The pastor had been looking into Gideon’s eyes, but now his glance turned inward. Gideon thought he might be praying again.
“From boyhood I have had a love for languages. When I was not yet seven, Father began to teach me Latin.” He smiled, with a touch of self-satisfaction, and looked up. “He was surprised at how quickly I learned. I had a gift, you see, coupled with an adventurous spirit. Mastering the native tongue was a way to claim places I longed to explore—planting the flag, if you will. Greek and my beloved Hebrew were major excursions, French and Italian amusing day trips. German I left until college because the sounds didn’t please me, but soon enough I could make my way through Goethe.”
“And did you discover your New Found Land?” Gideon kept his tone light, though the pulse in his neck throbbed so energetically he was sure the parson must notice.
“What I discovered,” Hedge said, “was Poetry.”
“I’m sorry, I don’t understand.” Gideon was vaguely disappointed; he wondered if the professor had d
eparted from his usual plain speech to take refuge in metaphor.

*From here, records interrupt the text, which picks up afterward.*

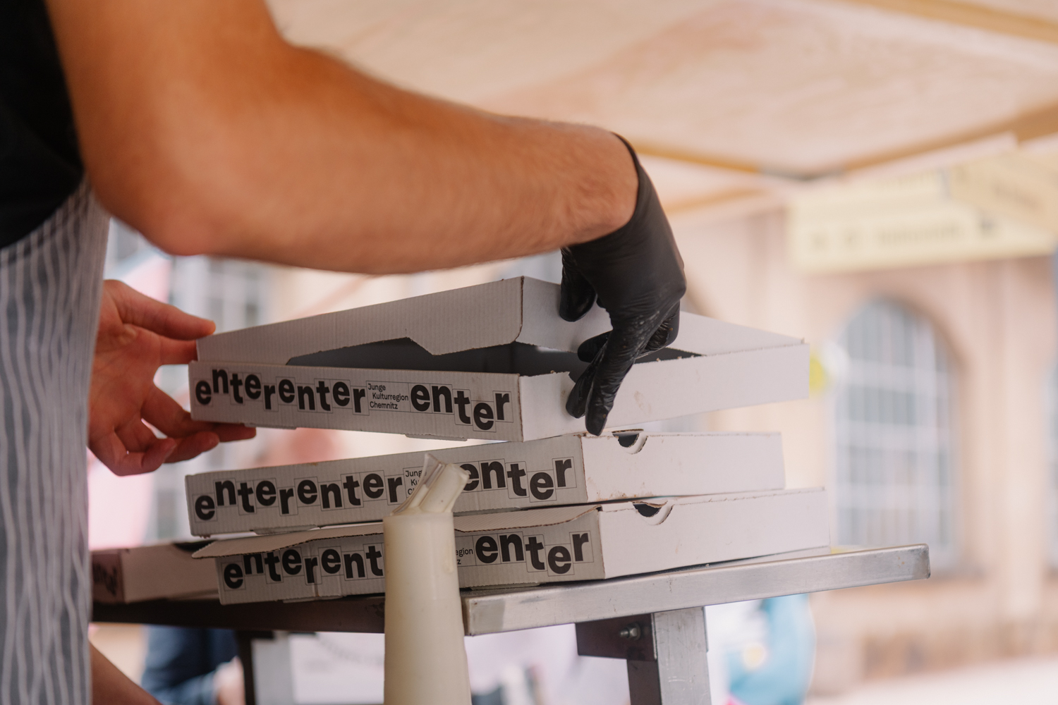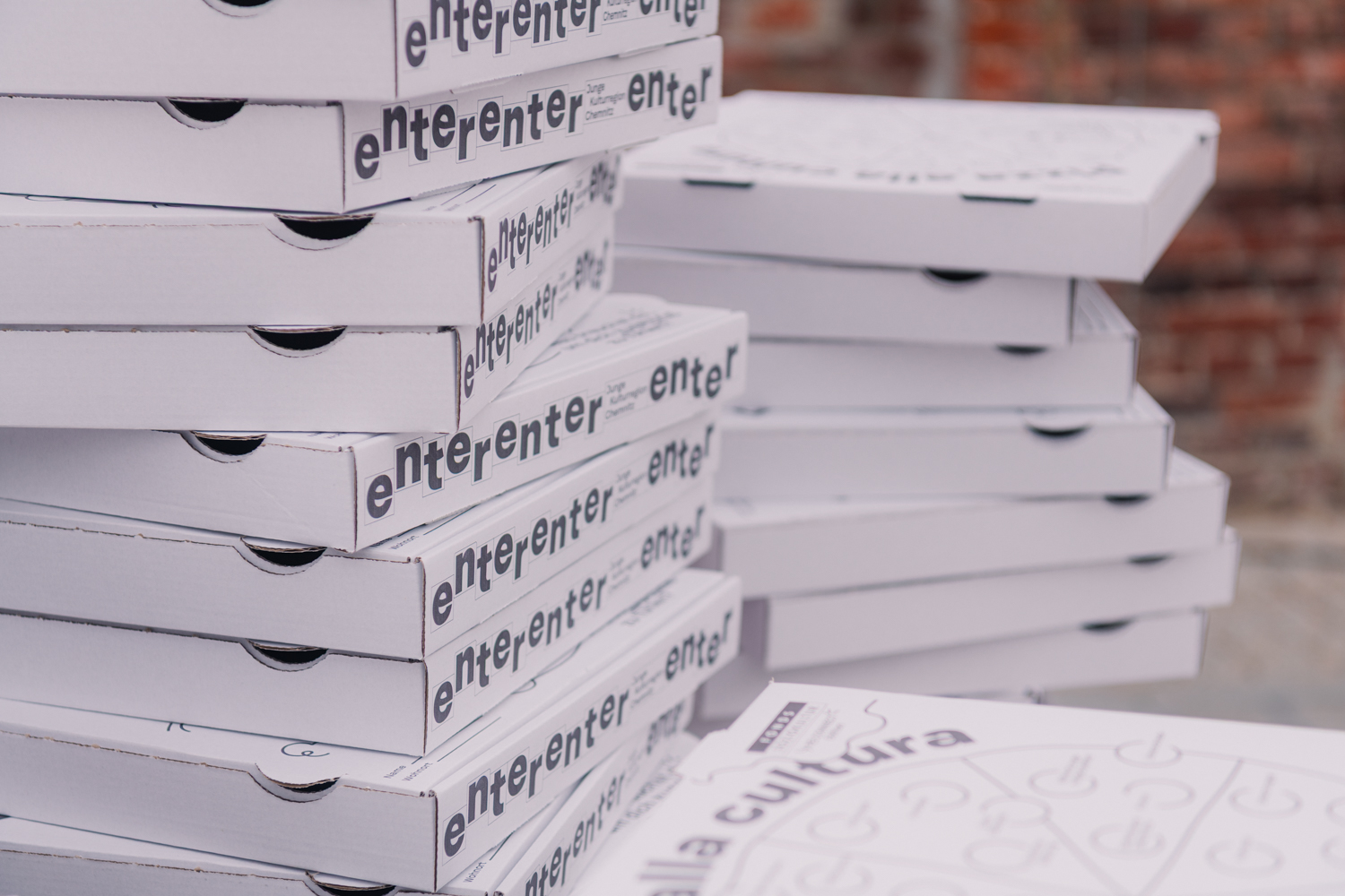 • ein Stapel designter Pizzakartons mit der seitlichen Aufschrift "enter"
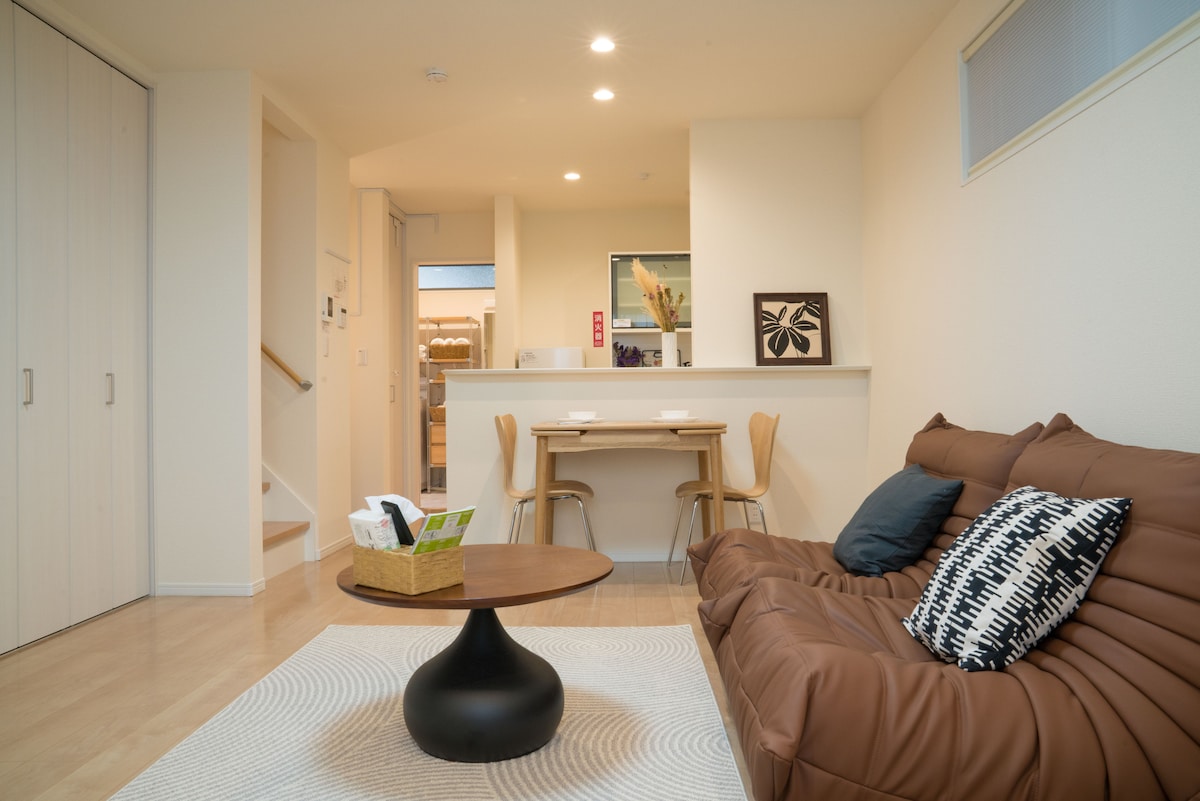 東武スカイツリーライン(東武鉄道伊勢崎線)鐘ヶ淵駅から徒歩6分。落ち着いた北欧風の新築 戸建て貸切です。(長期滞在可能です) ベビーベッド・ベビーハイチェア・ベビーカー完備。ママに優しい施設運営を目指してます。 (無料:事前にお申し出ください) 調理器具は一式揃っており、アットホームな雰囲気でお使い戴けます。ベッドリネンは清掃の都度交換していますので清潔です。 ご家族、カップル、ご友人同士、どんな方にもオススメできるハウスです。 【近くのお店】 ・居酒屋 徒歩1分 ・コンビニ 徒歩3分 ・スーパー 徒歩5分 ・100円ショップ 徒歩5分 ・弁当屋 徒歩8分 ・レストラン 徒歩13分 【交通アクセス】 ・最寄り駅(鐘ヶ淵駅) 徒歩6分 ・東京スカイツリー 6分 ・浅草 8分 【最大収容人数】 9名(大人6人、こども3人まで)
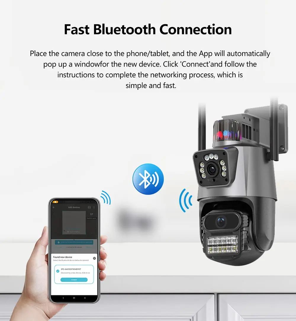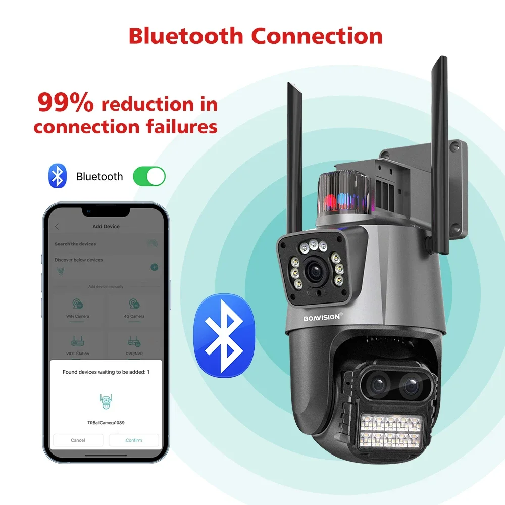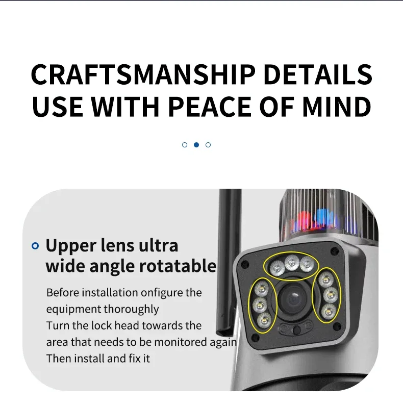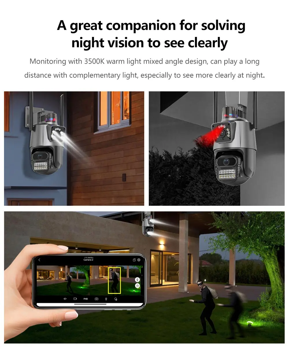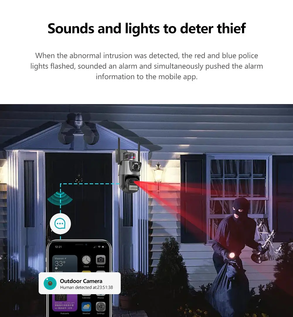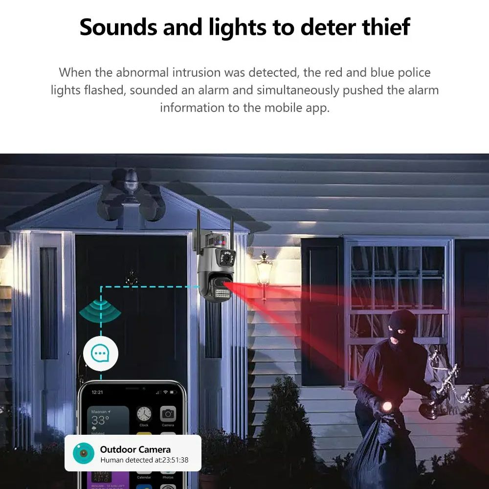 Dual lens, Dual screen, Police Light alarm, humanoid tracking, two way voice intercom 360 monitoring, full color night vision, IP66 waterproof, mobile phone remote monitoring,Share video, SD card storage, 24 hours video recording
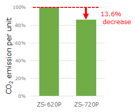 CO2 emission Annual battery consumption (AA alkaline primary battery) (Compared to the existing model, the ZS-620.) |
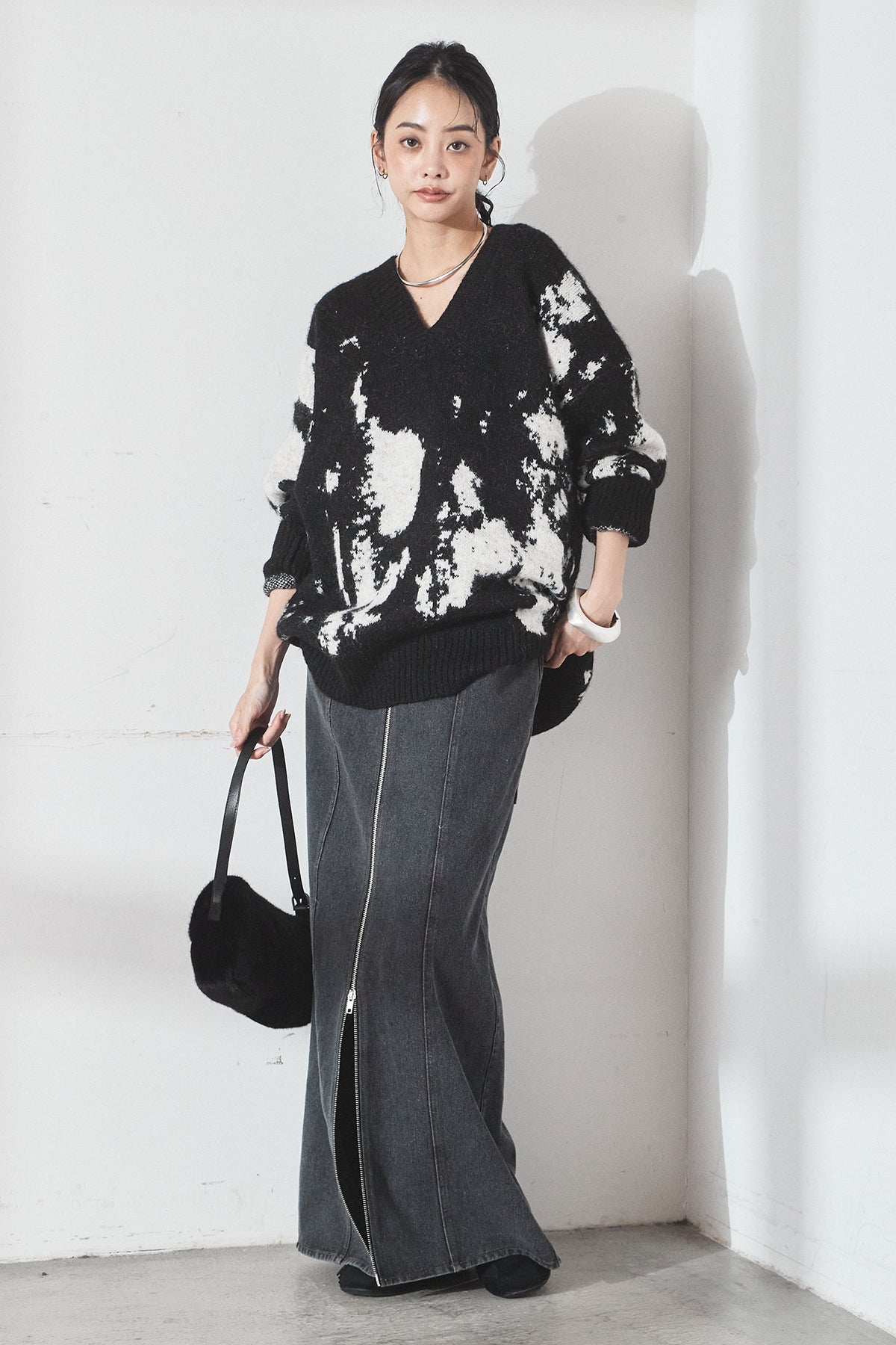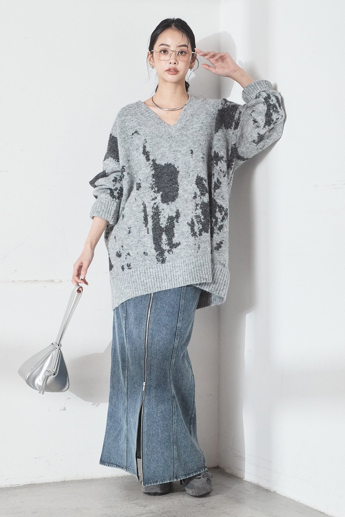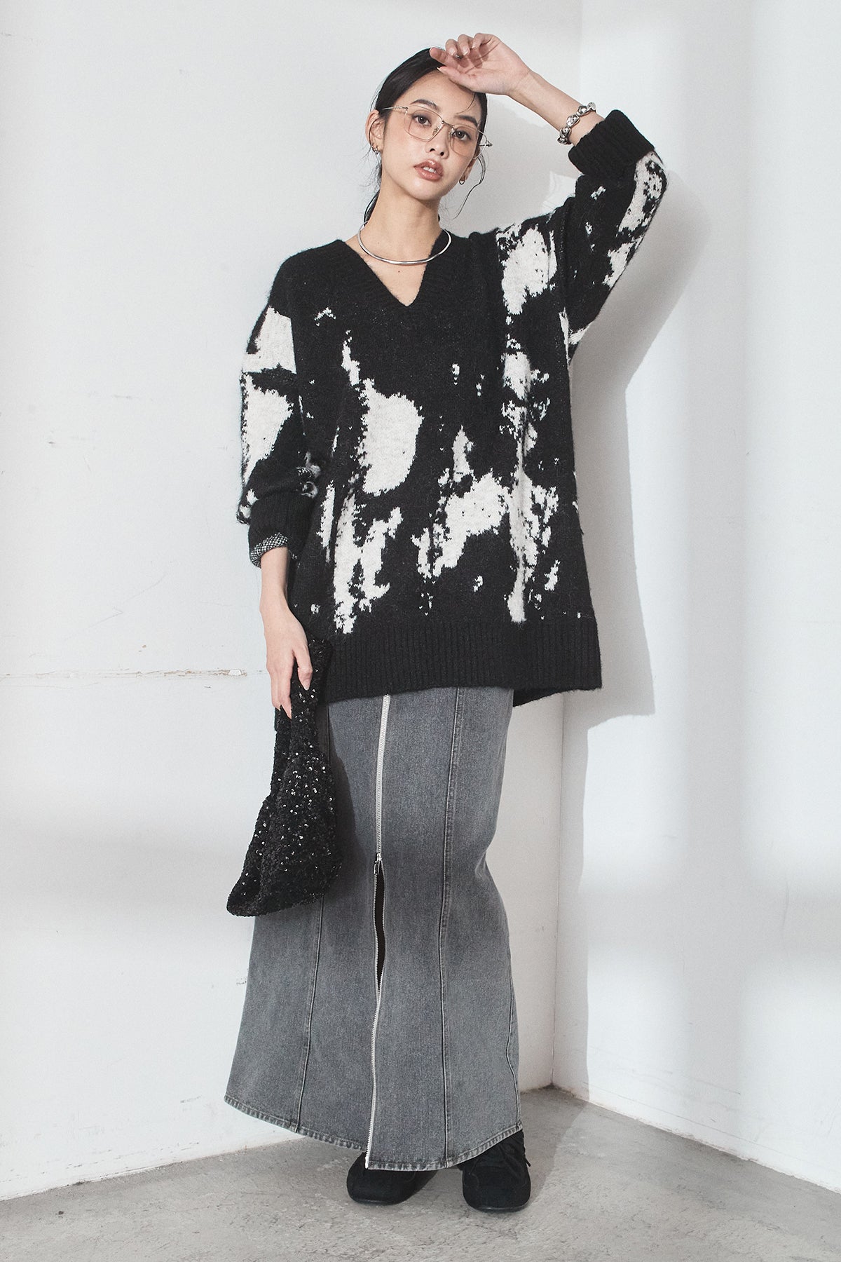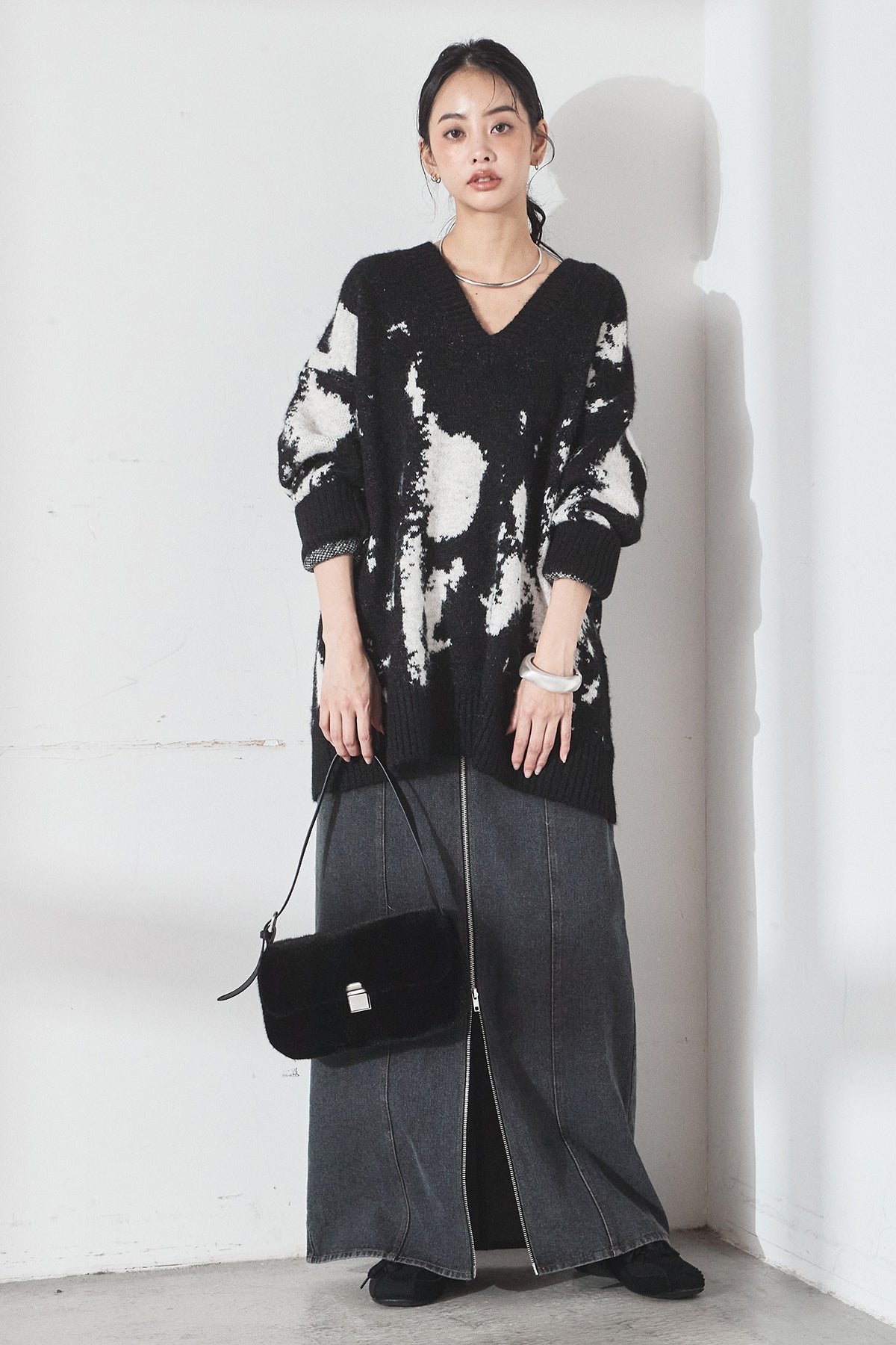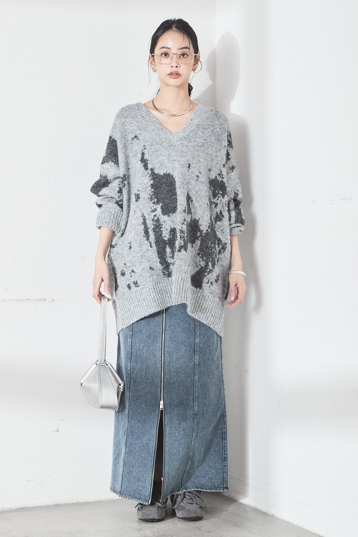 [SET]アブストラクト柄ニットプルオーバー+フロントジップデニムスカート(2set)

Hedge seemed to anticipate his reaction. “I began to write verse around the age of sixteen, and threw myself into it heart and soul. In those days I was the sort of young man who would spend hours gazing at the night sky, questioning the universe and dreaming of other worlds. Maybe all that Hebrew had gotten into my bones—I was forever poking at the ineffable with my pen, trying to trap it on the page.”
“To be a poet is a high calling,” Gideon said. “It’s not an unusual ambition when one is young.”
He was starting to feel restless, a state that would have seemed impossible a few hours ago. The narrative had taken a mundane turn, and in any case, how much more of the Reverend could he absorb in one sitting? His attention wandered to a single painting on the wall: a fountain, a baroque affair with an elaborate scalloped base from which geysers spurted up, deluging a small bed of flowers beneath. Some effort had been made to render the plumes of water transparent, but the paint had been laid on too thickly. It was as if the floodgates of heaven had opened to irrigate a daisy.
Hedge did not appear to notice his distraction. “A high calling,” he went on, “but only if it comes from above. I left for Harvard convinced I was about to make my mark on the world—a Dante in embryo, or at very least, a Bunyan. My magnum opus was already begun: a long visionary poem transposing the legend of Orpheus to a biblical setting. Night after night I stayed up to work on it, contending so long and hard that the words, when at last I managed to subdue them, seemed to bleed upon the page. Let my classmates spend their evenings carousing. The romance of creation was intoxicant enough for me! I was afloat in my own ether, forever trembling on the edge of revelation. What did it matter that I was putting an intolerable strain on my eyes and mind? If only I had taken a lesson from my subject matter, Mr. Birdsall. Soon enough, I began to fall.” His voice had taken on a dismal, ringing tone. He made a fist and tolled the progress of his undoing into the palm of his other hand. “Primus, into worship of my own powers. Secundus, into a state I called love, with a young woman I knew to be far beyond me. Tertius, when she spurned me, into the deepest darkness I’ve yet known. The fall from grace doesn’t happen all at once, you know. That privilege is reserved for the angels.”